# Problem description
Copy nothing but the lines from the one containing "我们可以看到最后注册了一个 IDbContextOptionsConfiguration<TContext> 的服务,类似于" through the last line of the entries below, exactly as written and without pictures.

BEGIN Given records

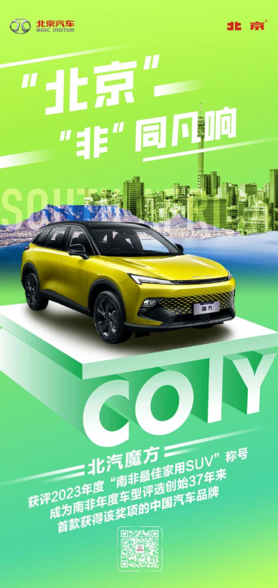 北汽魔方(BAIC BEIJING X55)獲評2023年度“南非最佳家用SUV”稱號
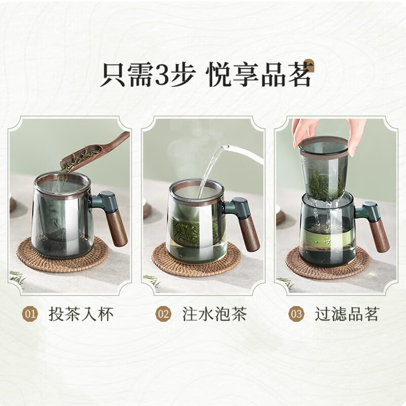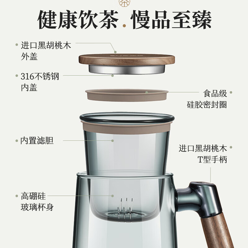苏泊尔(SUPOR)玻璃茶水杯茶水分离泡茶杯加厚耐热办公室茶道杯茶具喝茶把手杯子 【316不锈钢内盖】壶嘴款470ml KCG47AW10 6950885528073
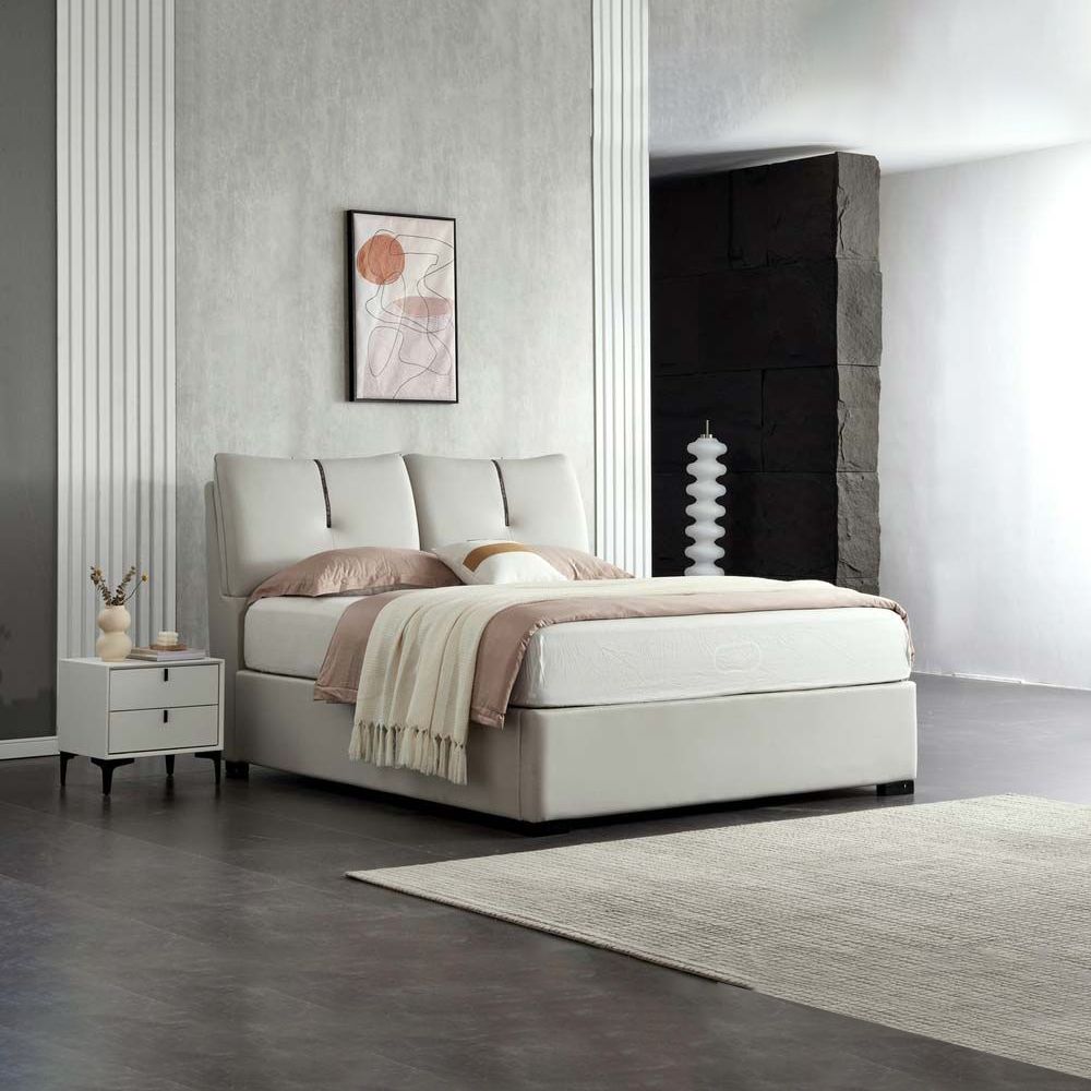 Elevate your bedroom with the KUSTOMDECO Kelly Classic Hydraulic Storage Leather Bed, a king-size 180 x 200 cm luxury bed frame upholstered in premium beige leather. Designed for both elegance and practicality, this bed features a hydraulic lift storage system, allowing you to keep linens, pillows, and seasonal essentials neatly tucked away beneath the mattress.
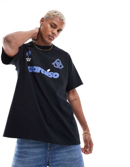 ASOS DESIGN oversized t-shirt with paraiso front print in black
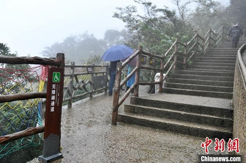 中新網(wǎng)宜章9月16日電 (記者 魯毅)“爬一座山,就像一次日常散步。”淅淅瀝瀝小雨中,意大利《新華時(shí)報(bào)》社長(zhǎng)朱玉華漫步于湖南莽山五指峰景區(qū)“云間”棧道上不禁感嘆,近兩小時(shí)的游覽,全程沒(méi)有陡坡也不用爬臺(tái)階,“沒(méi)想到登山還能這樣輕松”。
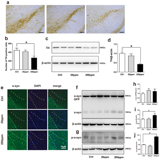 Tyrosine hydroxylase (TH) catalyzes the rate-limiting step in the synthesis of dopamine [62]. Hence, the lack of TH notably affects dopamine synthesis. Based on this, we aimed to evaluate whether Zn2+ imbalance altered the expression levels of TH. Immunohistochemistry staining revealed that TH levels were significantly lower in the substantia nigra pars compacta of mice in the 200 ppm group than those in the control mice. However, TH levels in mice in the 20 ppm Zn2+ did not significantly differ from those of the control group (Figure 2a,b). Western blot analysis also revealed that 200 ppm of Zn2+ significantly reduced TH expression compared to that in the control group (Figure 2c,d).
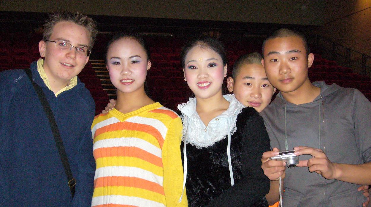 Un après midi de belle journée, nous avons quitté les studios de la radio Maxime et moi, pour nous rendre a Lorient plus précisément au Palais des congrès. Une fois arrive sur les lieux, nous avons pris la direction de la salle de spectacle sous l’accord du personnel. Et c’est à ce moment que nous avons vu un premier chinois revêtu d’un habit jaune, l’habit du moine. Nous ne l’avons pas dérangé dans ces pirouettes, nous attendions sagement la venue du chef de cette troupe.
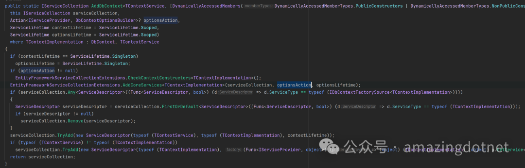 我们可以看到最后注册了一个 IDbContextOptionsConfiguration<TContext> 的服务,类似于 options 模式里的 configure service 一样配置 DbContextOptions 所以我们可以单独注册一个 IDbContextOptionsConfiguration<TContext> 服务来配置 DbContextOptions,给 DbContext 注册 Interceptor,所以我们可以封装一个类似下面这样的方法:
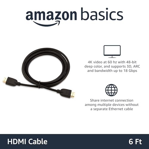 Amazon Fundamentals – Cable HDMI de alta velocidad (18 Gbps, 4K/60 Hz), 6 pies, colour negro
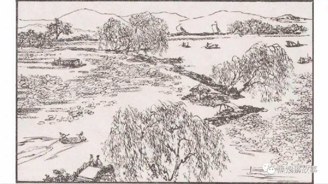 这一天天气阴沉,河岸边有不少人在游玩,河上大船小船穿流不息,柳河生想要把船行至一个僻静处捕鱼。
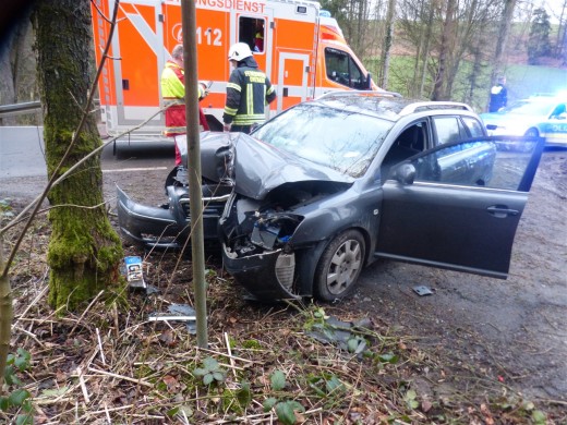 Lindlar - Zum Glück nur Verletzungen erlitt ein 51-jähriger Lindlarer, nachdem er am Dienstagmorgen mit seinem Toyota frontal gegen einen Baum geprallt war. An dem PKW entstand Totalschaden.
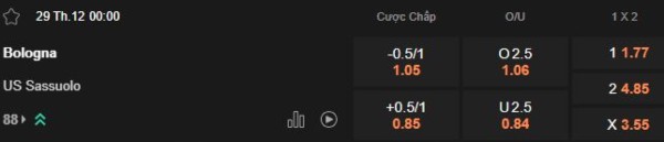 Nhận định kèo Bologna vs Sassuolo, 0h00 ngày 29/12 hôm nay
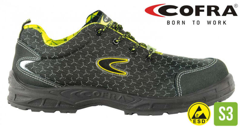 Fekete színű munkavédelmi cipő, fluo sárga belső szövettel, kompozit orrvédővel, APT átszúrás elleni talplemezzel. ESD védelemmel ellátott munkavédelmi cipő, fekete nylon lélegző, vízlepergető felsőrésszel. S3-as védelmi képesség, széles méretválaszték! Cofra Mykonos S3 ESD Munkavédelmi Cipő Utcára is alkalmas megjelenésű, nagyon kényelmes, könnyed ESD védelemm
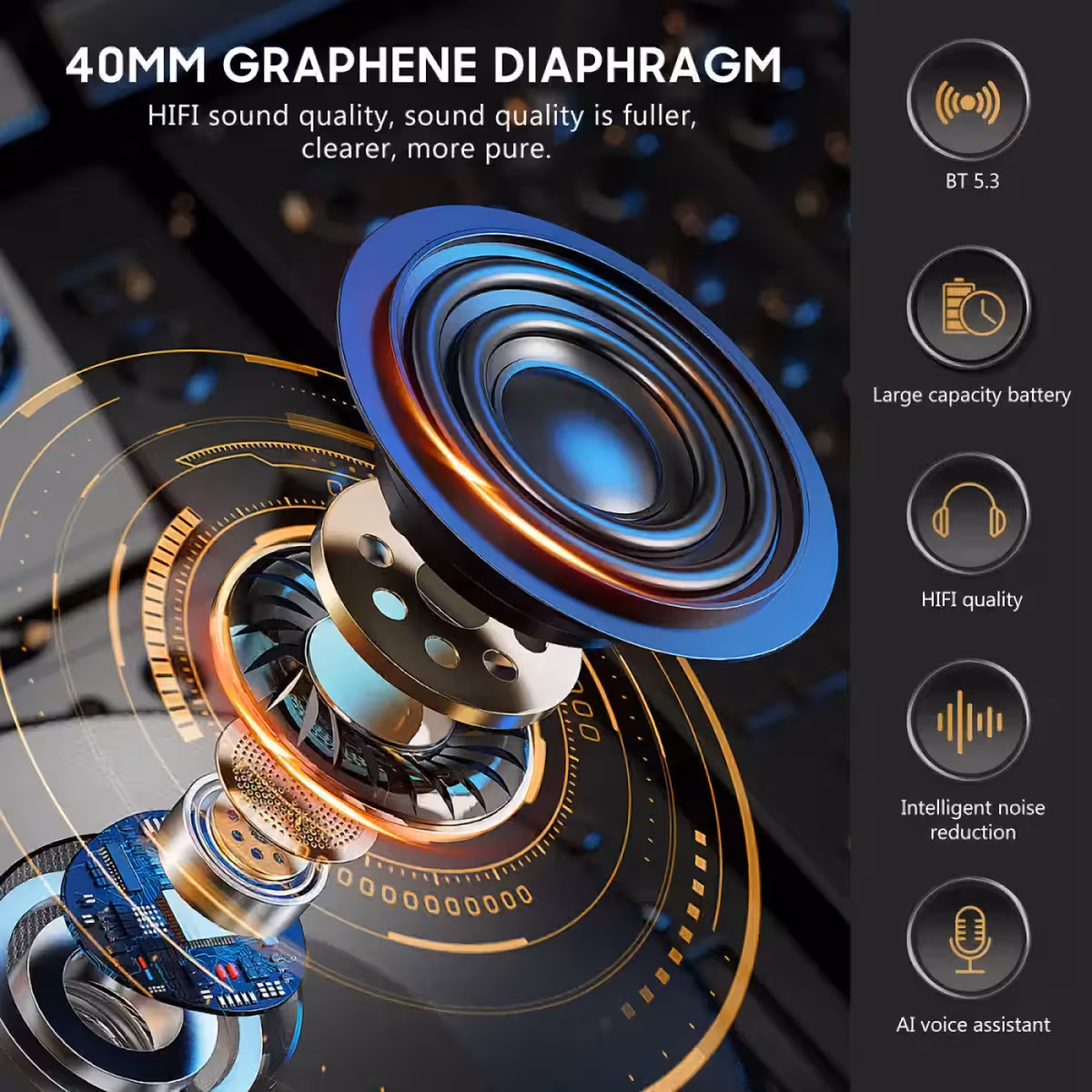 - 40mm Grafen Membran: Klar HiFi-ljud med intelligent brusreducering under samtal.
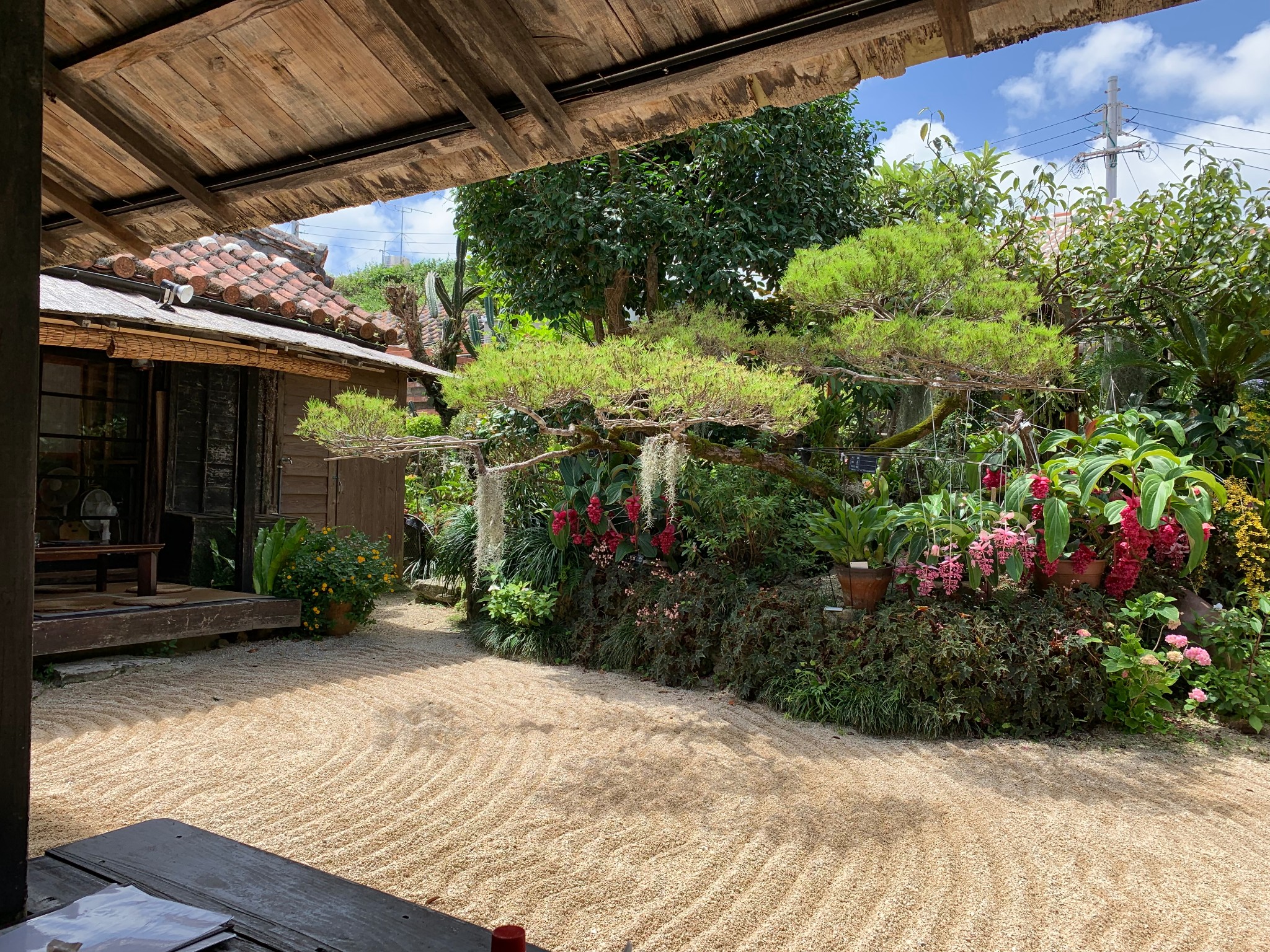 因为有个美丽的小院子而出名的店,离首里城步行约7-8分钟,11点开始营业,我们10点50到,排在了第二位。进去前要脱鞋放到木柜子里,服务员确认我们要坐在outside后,提醒我们注意野鸟,然后就入座了。外面临庭院的位子不多的,大概只有7,8桌吧,建议还是早点去,坐室内就没啥意思了。我们点了限量供应的炸猪扒套餐和猪蹄套餐,猪排饭的确赞,猪脚稍有骚味,胜在风景吧。一共2876日元,三个人分两份套餐足够了。

END Given records

# Solution to this exercise
 我们可以看到最后注册了一个 IDbContextOptionsConfiguration<TContext> 的服务,类似于 options 模式里的 configure service 一样配置 DbContextOptions 所以我们可以单独注册一个 IDbContextOptionsConfiguration<TContext> 服务来配置 DbContextOptions,给 DbContext 注册 Interceptor,所以我们可以封装一个类似下面这样的方法:
 Amazon Fundamentals – Cable HDMI de alta velocidad (18 Gbps, 4K/60 Hz), 6 pies, colour negro
 这一天天气阴沉,河岸边有不少人在游玩,河上大船小船穿流不息,柳河生想要把船行至一个僻静处捕鱼。
 Lindlar - Zum Glück nur Verletzungen erlitt ein 51-jähriger Lindlarer, nachdem er am Dienstagmorgen mit seinem Toyota frontal gegen einen Baum geprallt war. An dem PKW entstand Totalschaden.
 Nhận định kèo Bologna vs Sassuolo, 0h00 ngày 29/12 hôm nay
 Fekete színű munkavédelmi cipő, fluo sárga belső szövettel, kompozit orrvédővel, APT átszúrás elleni talplemezzel. ESD védelemmel ellátott munkavédelmi cipő, fekete nylon lélegző, vízlepergető felsőrésszel. S3-as védelmi képesség, széles méretválaszték! Cofra Mykonos S3 ESD Munkavédelmi Cipő Utcára is alkalmas megjelenésű, nagyon kényelmes, könnyed ESD védelemm
 - 40mm Grafen Membran: Klar HiFi-ljud med intelligent brusreducering under samtal.
 因为有个美丽的小院子而出名的店,离首里城步行约7-8分钟,11点开始营业,我们10点50到,排在了第二位。进去前要脱鞋放到木柜子里,服务员确认我们要坐在outside后,提醒我们注意野鸟,然后就入座了。外面临庭院的位子不多的,大概只有7,8桌吧,建议还是早点去,坐室内就没啥意思了。我们点了限量供应的炸猪扒套餐和猪蹄套餐,猪排饭的确赞,猪脚稍有骚味,胜在风景吧。一共2876日元,三个人分两份套餐足够了。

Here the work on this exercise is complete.